The annual event that draws Ranger-tabbed soldiers from across the Army began in 1982 and has increasingly reflected the skills soldiers have used and honed in almost eight years of operations in Iraq and Afghanistan.
But not everything is second nature, and it’s not easy to take a written test when you’ve been running, shooting and climbing non-stop for 36 hours.
This year marked the first time a language and demographics test was part of the competition, and soldiers scored at about a 50 percent rate on the 20 questions in each test that called for answers such as matching English and foreign words, naming a city’s population and what the dominant religion is in each country.
The two-man teams had a choice between taking the Iraq or Afghanistan test and had 10 minutes to complete it.

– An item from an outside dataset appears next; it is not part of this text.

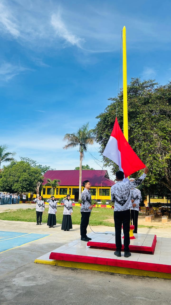 Pada upacara tersebut, para guru bertindak sebagai petugas mulai dari pemimpin upacara, pembaca naskah, hingga pengibar bendera.
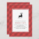Feliz Feriados! Xadrez Vermelha Clássica com Convite de Feriado de Deer | Convide familiares e amigos para a sua festa de férias com este convite de férias personalizável. Apresenta um padrão de xadrez vermelha, ilustração de veados e tipografia clássica. Personalize adicionando seus próprios detalhes. Você pode personalizar ainda mais o verso adicionando uma foto ou qualquer outra imagem.

“The words were the biggest stumper,” said Sgt. 1st Class Junior Holi, who proctored the tests. Of the 20 questions on the test, he said, soldiers got a little better than half correctly and did poorest on matching 10 words to their meaning in languages spoken in Iraq and Afghanistan.
On the other side of the field, the Ranger First Responder Test, by far the biggest attraction at the all-day Ranger Day Stakes at Todd Field, brought with it a gruesome bit of reality with the use of raw lamb meat and bones to simulate traumatic injuries on the air crew’s bodies.
In the event, competitors rushed down a hill under simulated machine gun fire and began rendering lifesaving treatment while returning fire and taking cover from nerve-rattling artillery simulators.
The soldiers had to remove the bloodied, uniformed mannequins from the wreckage of a helicopter, take them up a hill to a simulated landing zone, call in coordinates and attach the flexible litter to a hoist in a timed event.
In addition to the language test, which was one of two mystery events at this year’s contest, competitors had to crawl into a dug-in machine gun position and fill out a range card, a task many had probably not done since they went through Ranger School.
“It’s a skill level one task every private knows and everyone who’s been through Ranger School has done,” said Master Sgt. Donnie Harper or 4th Ranger Training Battalion.
The sleep-deprived competitors from the 26 teams that remained out of the 49 that crossed the starting line at dawn on Friday slogged through the day’s stakes with no mishaps and prepared to face a second night in the field completing an orienteering test.